YO QUIERO MOCHA JAVA Irvine-based Diedrich Coffee on Nov. 16 inked a deal in which Taco Bell franchisees will build 50 new Diedrich coffeehouses in San Diego, Temecula and Palm Springs over the next five years. Diedrich operates 36 coffeehouses in California, Colorado and Texas and has an agreement with North Carolina's Taco Bell franchisee for 44 new shops in that state. The ex-Taco Bell execs who hold top posts at Diedrich have embarked on an aggressive strategy to use fast-food know-how to build the chain's national name recognition in a market dominated by Seattle-based Starbucks, the McDonald's of lattes. As Irvine-based Taco Bell's market share has increased dramatically since the introduction of a lovable, sad-eyed, Latino-stereotype, revolution-slogan-spewing Chihuahua named Dinky, Clockwork believes the following can't be far behind: "AWW! HEE AWW!Hola, muchachos, it is I: Francisco, Diedrich Coffee's lovable, sad-eyed, Latino-stereotype, revolution-slogan-spewing burro. Every day, I travel deep into hills way south of the border, where peasants fill my sacks with coffee beans they picked in the fields. AWW! HEE AWW! Am I a revolutionary because my masters have provided safe passage for our beans by forming alliances with terrorists who have waged war against coffee production? Because we are part of the "solidarity" movement that combats poverty and dismal working conditions in developing countries by ensuring that coffee producers receive fair prices in international markets for their beans? Because we buy only from certified organic co-ops whose production techniques respect their ecosystems and contribute to the sustainable use of natural resources? No way, Jose! I am a revolutionary because it hoodwinks you into thinking you are making some sort of individual stand when you come into our stores for our mass-produced beverages. AWW! HEE AWW! Look at me! I'm not a corporate sheepherder. I'm edgy, damn it! VIVA WIENER MÉLANGE!"
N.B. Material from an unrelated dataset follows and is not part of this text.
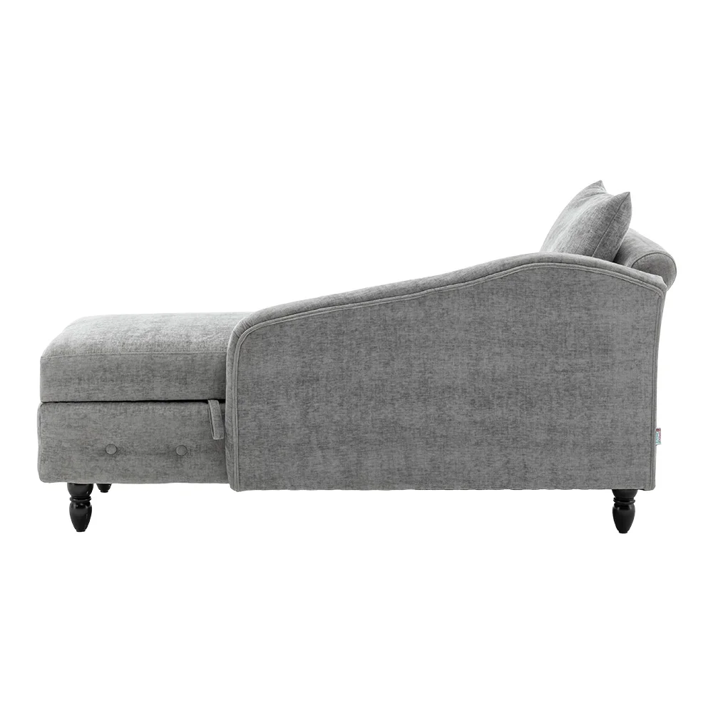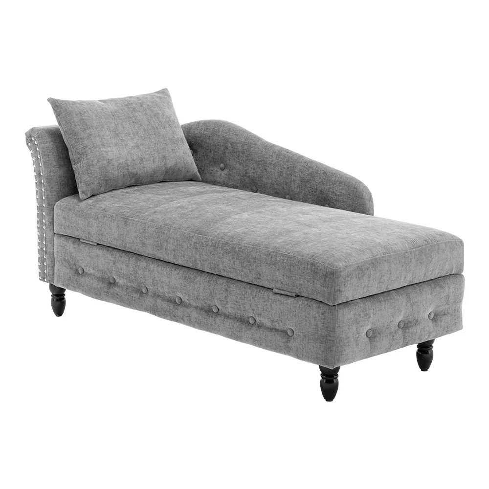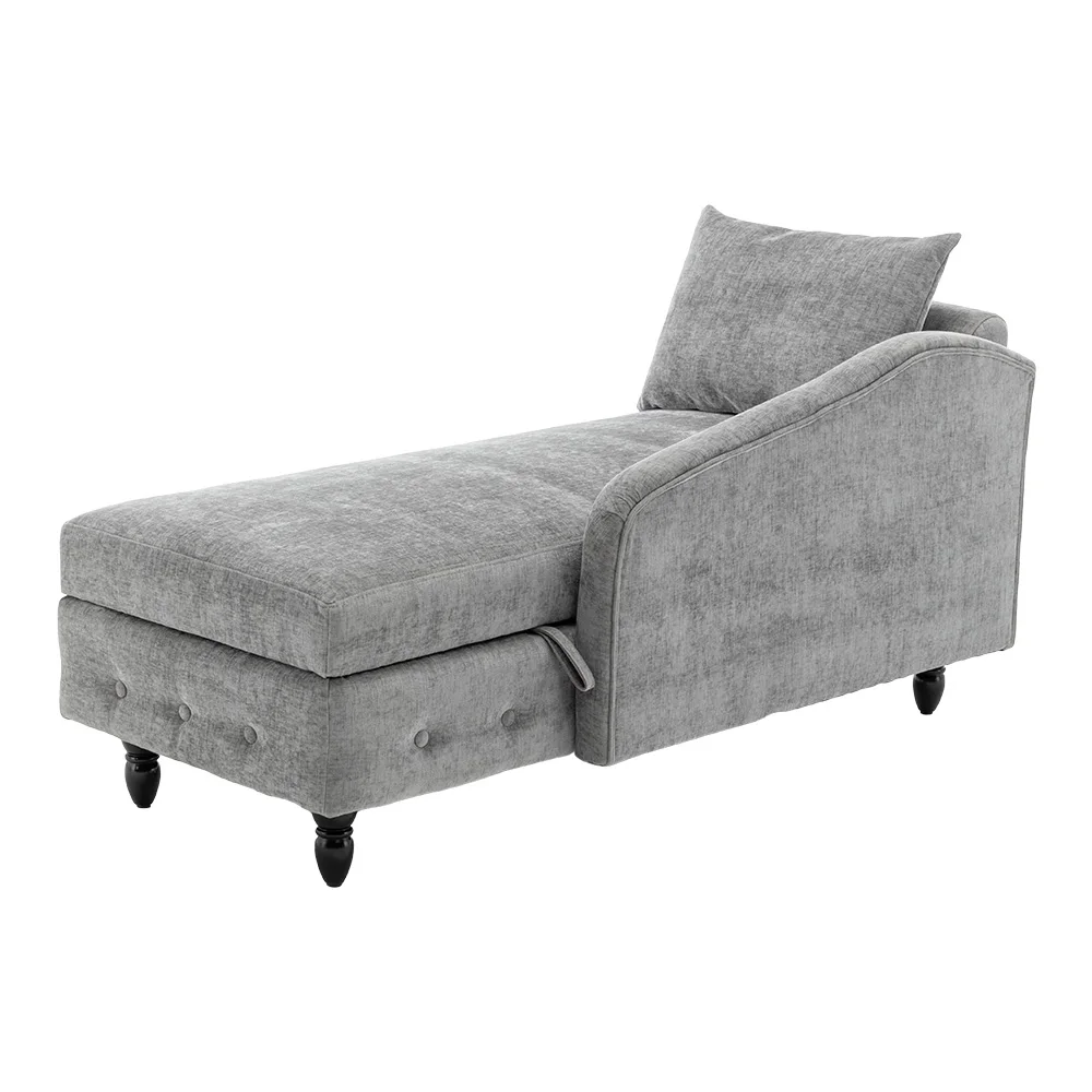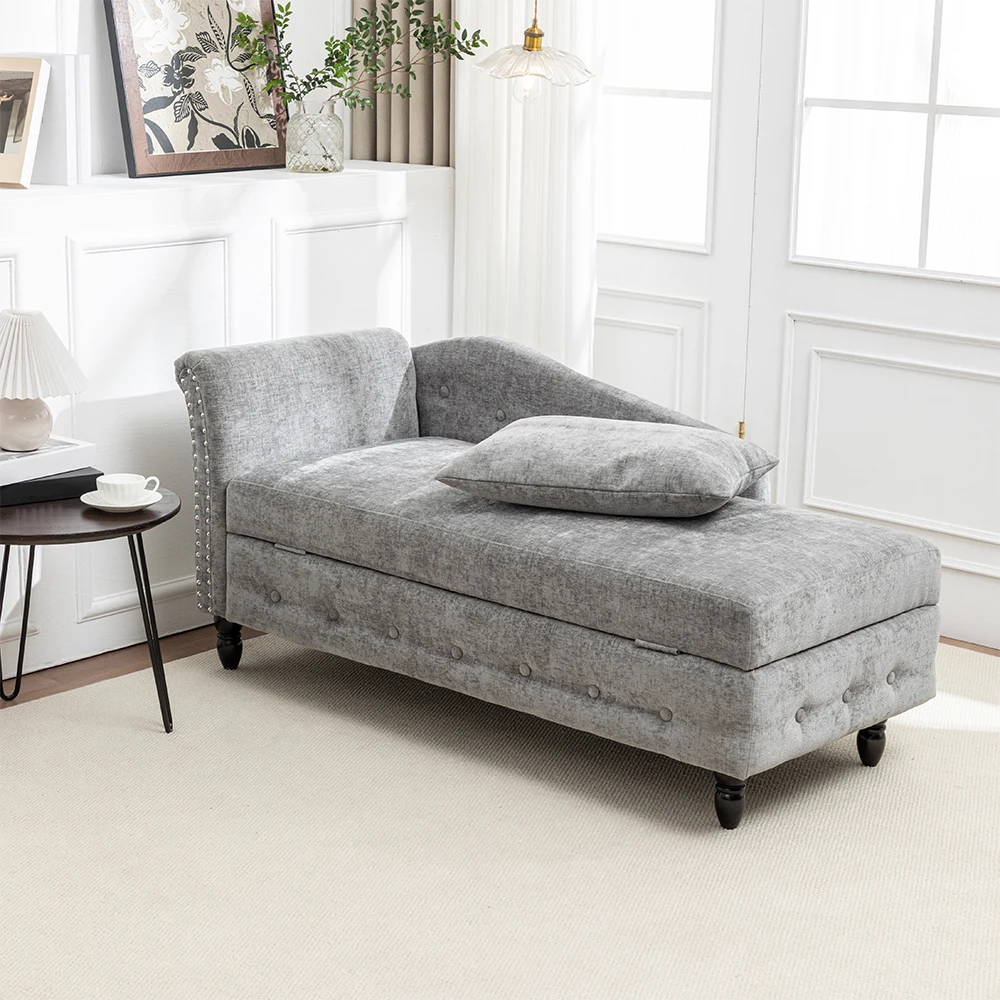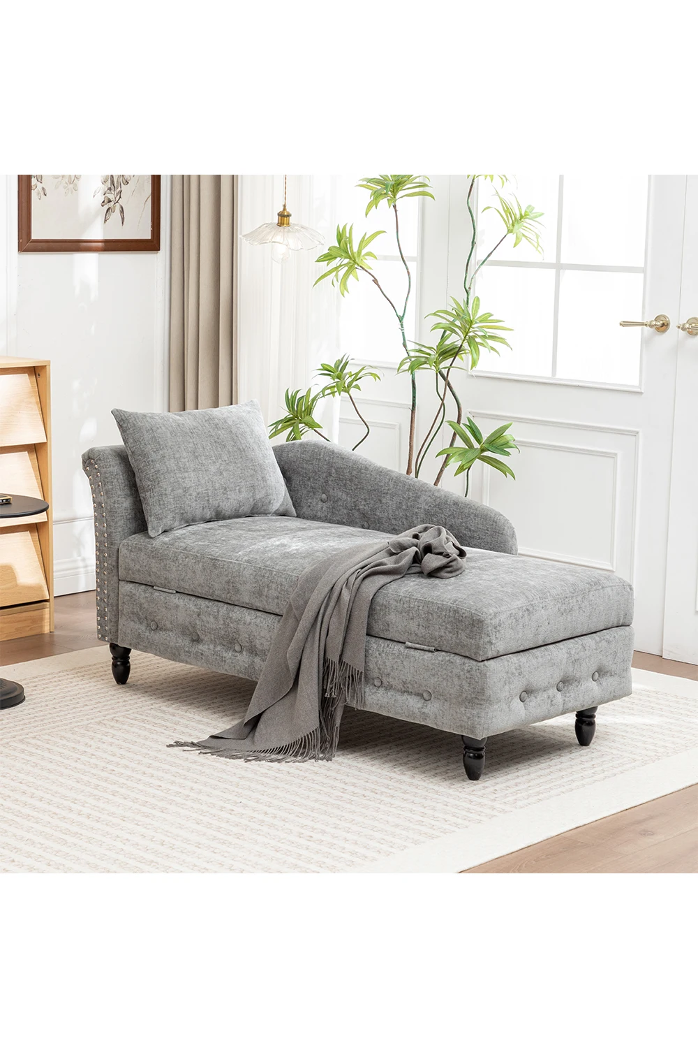 Lean back and unwind—your ideal lounge spot starts here. Upholstered in soft chenille and filled with high-resilience sponges, this chaise lounge offers lasting comfort and support. It exudes luxury and elegance with its rolled armrests and elegantly sloped back for a relaxed yet refined look. A matching pillow enhances relaxation by supporting your lumbar, while a flip-top compartment keeps essentials like magazines and blankets neatly stored. Built on a sturdy frame for durability and stability, this elegant piece blends style and function—perfect for any modern living space.

FUNNY PAGES Hats off to OC Metro for a fab satirical piece in its Nov. 19 issue titled "10 Ways to Treat Yourself Special During the Holidays." Obviously poking fun at the crass avarice of OC's upper crust, the feature featured such holiday stress relievers as a holiday-season jaunt to Palm Desert (No. 1); renting a limo and sipping "something bubbly as you shuttle from boutique to boutique" (No. 6); and buying "a new sleigh," a.k.a. a Mercedes-Benz (No. 10). It's great to know the Weekly has brothers and sisters in the local media who will dedicate valuable editorial space to lampooning gross overindulgence during what was once regarded as the season of giving. Way to go, guys!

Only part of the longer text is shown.